Abstract: 【Objective】 Peroxidase (POD, Peroxidase) activity in wheat grains has an important effect on wheat processing quality and flour color. To understand the peroxidase activity of Xinjiang wheat varieties (lines) and determine the variation types and distribution of related genes, so as to lay a foundation for wheat quality inheritance and improvement in Xinjiang. 【Method】 In this study, 113 Xinjiang wheat cultivars were genotyped by TaPod-3A1/TaPod-3A2 and TaPod-7D1/TaPod-7D6, combined with the results of measuring the POD activity of Xinjiang wheat cultivars the effects of different allelic variation of POD activity-related genes on POD activity of wheat cultivars the validity of the functional markers of TaPod-A1 and TaPod-D1 genes and the frequency of allelic variation of POD related genes in Xinjiang wheat cultivars. 【Result】 In Xinjiang wheat cultivars, the POD activity of TaPod-A1b(2,595.3 U/(g·min)) was significantly higher (P<0.01) than that of TaPod-A1a (2,346.0 U/(g·min)) at TaPod-A1 loci and the distribution frequencies of the two genotypes were 36.3% and 63.7%; the POD activity of TaPod-D1b(2,503.9 U/(g·min)) was significantly higher (P<0.05) than TaPod-D1a genotype(2,376.9 U/(g·min)) at TaPod-D1 loci and the distribution frequencies of the two genotypes were 46.9% and 53.1%. 【Conclusion】 According to the results of this, TaPod-A1a (low POD activity) and TaPod-D1a (low POD activity) the main allelic types; markers of TaPod-A1 and TaPod-D1 can distinguish the POD activity of wheat seeds well. The combination of two site-specific markers can screen out materials with high POD activity more it can more effectively screen materials with high POD activity, increase the frequency of excellent allelic variation of Xinjiang wheat varieties (lines), and promote genetic improvement of Xinjiang wheat quality.

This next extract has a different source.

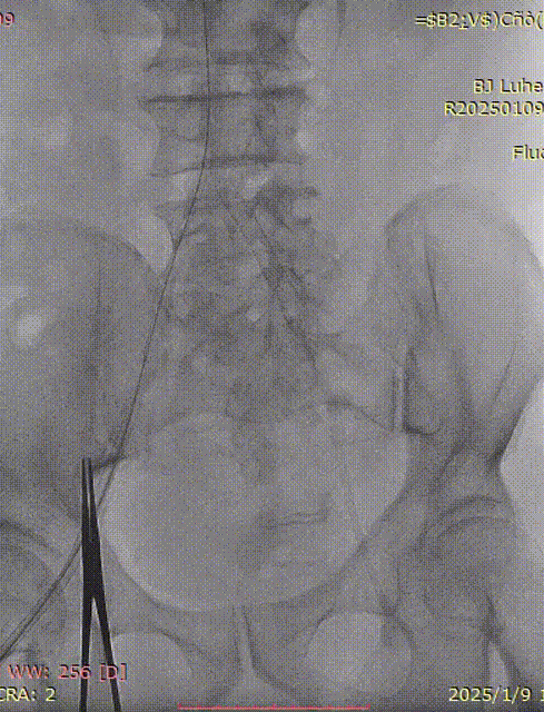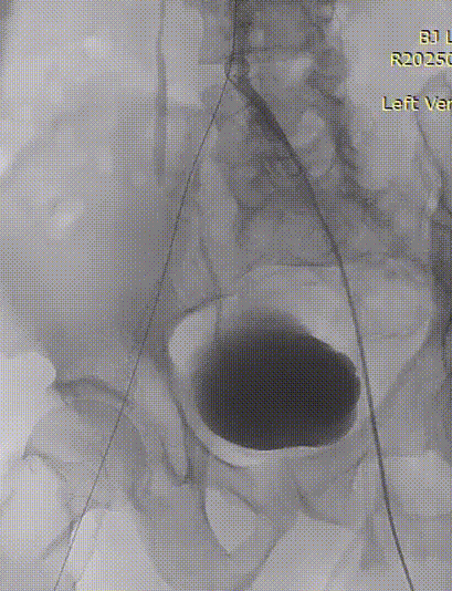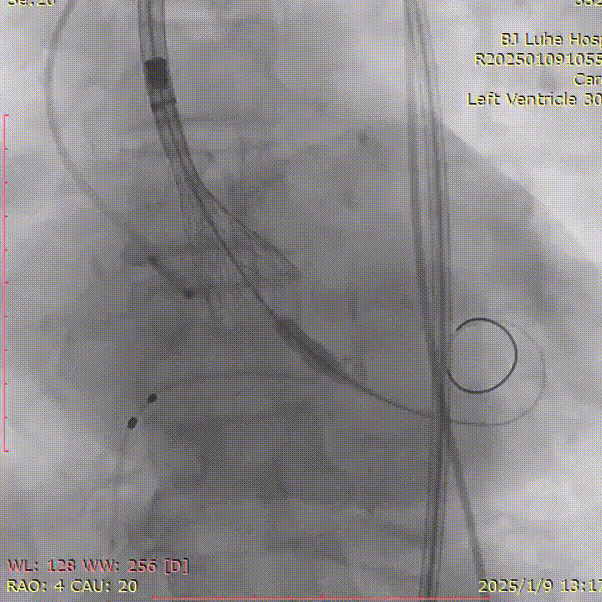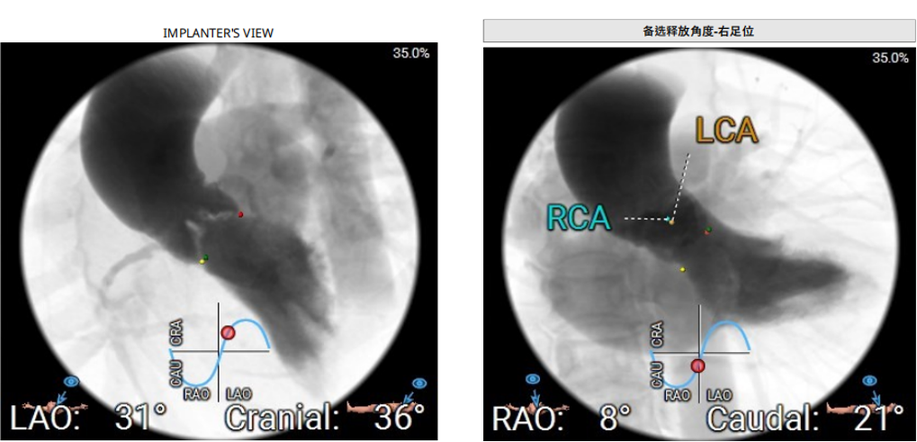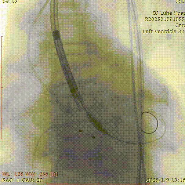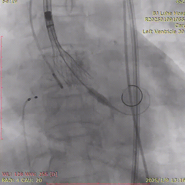最终植入深度约10mm,少+瓣周漏,造影检查股动脉入路,血管未见损伤,手术顺利结束。

Key words: wheat; peroxidase; function marker; marker combination; allelic variation

摘要： 【目的】 研究新疆小麦品种(系)过氧化物酶活性高低并分析相关基因变异类型和分布,为新疆小麦育种和品质的遗传改良奠定基础。【方法】 分别利用TaPod-A1和TaPod-D1基因位点的显性互补功能标记TaPod-3A1/TaPod-3A2和TaPod-7D1/TaPod-7D6对113份新疆小麦品种(系)进行分子标记检测,结合新疆小麦材料POD活性的测定结果,分析POD活性相关基因不同等位变异对小麦籽粒POD活性的影响,验证TaPod-A1和TaPod-D1基因位点功能标记有效性的同时,对新疆小麦材料POD相关基因的等位变异分布频率进行分析。【结果】 新疆小麦品种(系)中,在TaPod-A1位点,具有TaPod-A1b基因型的小麦品种(系)POD活性(2 595.3 U/(g·min))极显著(P<0.01)高于具有TaPod-A1a基因型的材料(2 346.0 U/(g·min)),2种基因型的分布频率分别为36.3%和63.7%;在TaPod-D1位点,具有TaPod-D1b基因型的小麦品种(系)POD活性(2 503.9 U/(g·min))显著(P<0.05)高于具有TaPod-D1a基因型的材料(2 376.9 U/(g·min)),2种基因型的分布频率分别为46.9%和53.1%。在113份新疆小麦材料中,共检测到TaPod-A1a/TaPod-D1a、TaPod-A1a/TaPod-D1b、TaPod-A1b/TaPod-D1a和TaPod-A1b/TaPod-D1b 4种变异组合类型,在新疆小麦中的分布频率分别为31.9%、31.9%、21.2%和15.0%。TaPod-A1b/TaPod-D1b(2 706.2 U/(g·min))类型的POD活性显著(P<0.05)高于TaPod-A1a/TaPod-D1a(2 283.6 U/(g·min))。【结论】 新疆小麦品种(系)以TaPod-A1a(低POD活性)和TaPod-D1a(低POD活性)等位变异类型为主;TaPod-A1和TaPod-D1的功能标记均能较好的区分小麦籽粒POD活性的高低,将2个位点特异性标记结合起来使用,有效地筛选出高POD活性的材料,提高新疆小麦品种(系)优异等位变异的频率,促进新疆小麦品质的遗传改良。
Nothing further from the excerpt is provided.